**INSTRUCTIONS TO FOLLOW:**
Return nothing but the lines from the one with "Многоразовая тетрадь разработана" through the one with "解体前の部屋もリノベーション" in the data below, word for word and without pictures.

**DATA EXTRACT:**

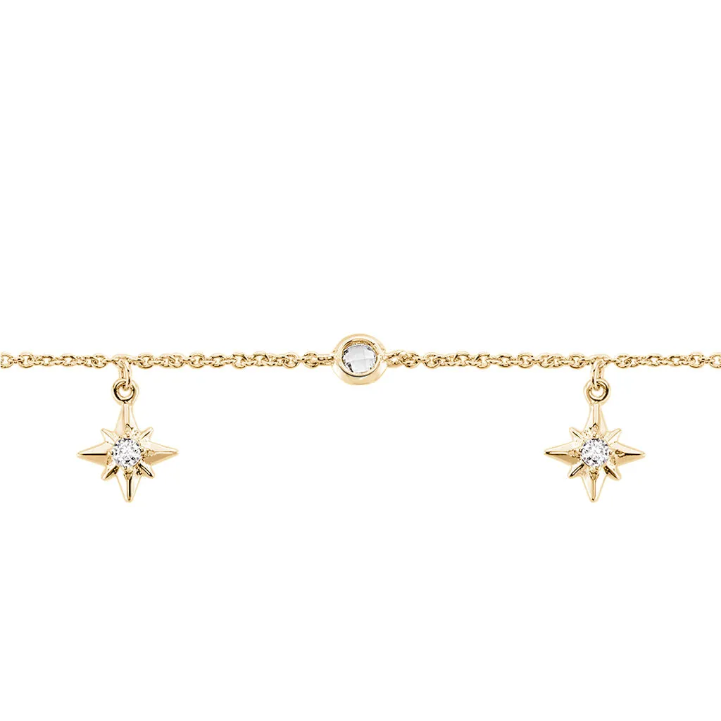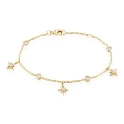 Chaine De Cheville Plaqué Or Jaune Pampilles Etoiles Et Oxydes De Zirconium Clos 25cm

...

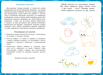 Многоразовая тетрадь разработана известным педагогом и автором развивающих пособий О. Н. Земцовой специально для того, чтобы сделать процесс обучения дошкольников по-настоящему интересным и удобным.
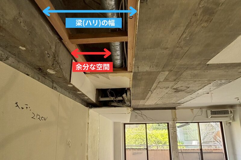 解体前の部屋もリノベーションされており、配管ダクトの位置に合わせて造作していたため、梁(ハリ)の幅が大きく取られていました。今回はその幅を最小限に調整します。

...

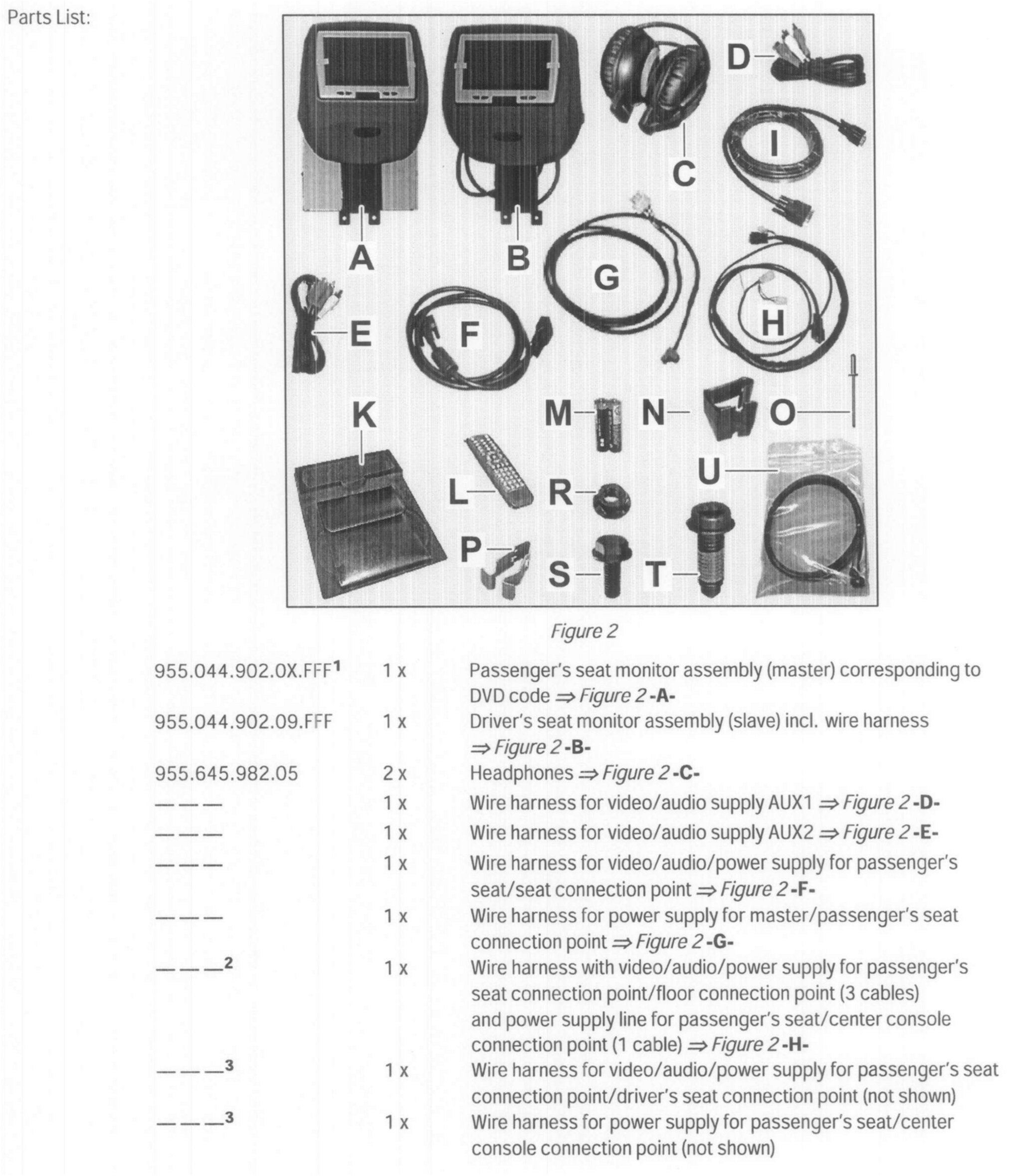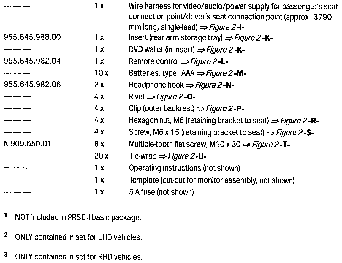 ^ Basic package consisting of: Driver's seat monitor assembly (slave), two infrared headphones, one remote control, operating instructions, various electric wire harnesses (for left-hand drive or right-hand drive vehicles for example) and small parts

**SOLUTION TO THIS PROBLEM:**
 Многоразовая тетрадь разработана известным педагогом и автором развивающих пособий О. Н. Земцовой специально для того, чтобы сделать процесс обучения дошкольников по-настоящему интересным и удобным.
 解体前の部屋もリノベーションされており、配管ダクトの位置に合わせて造作していたため、梁(ハリ)の幅が大きく取られていました。今回はその幅を最小限に調整します。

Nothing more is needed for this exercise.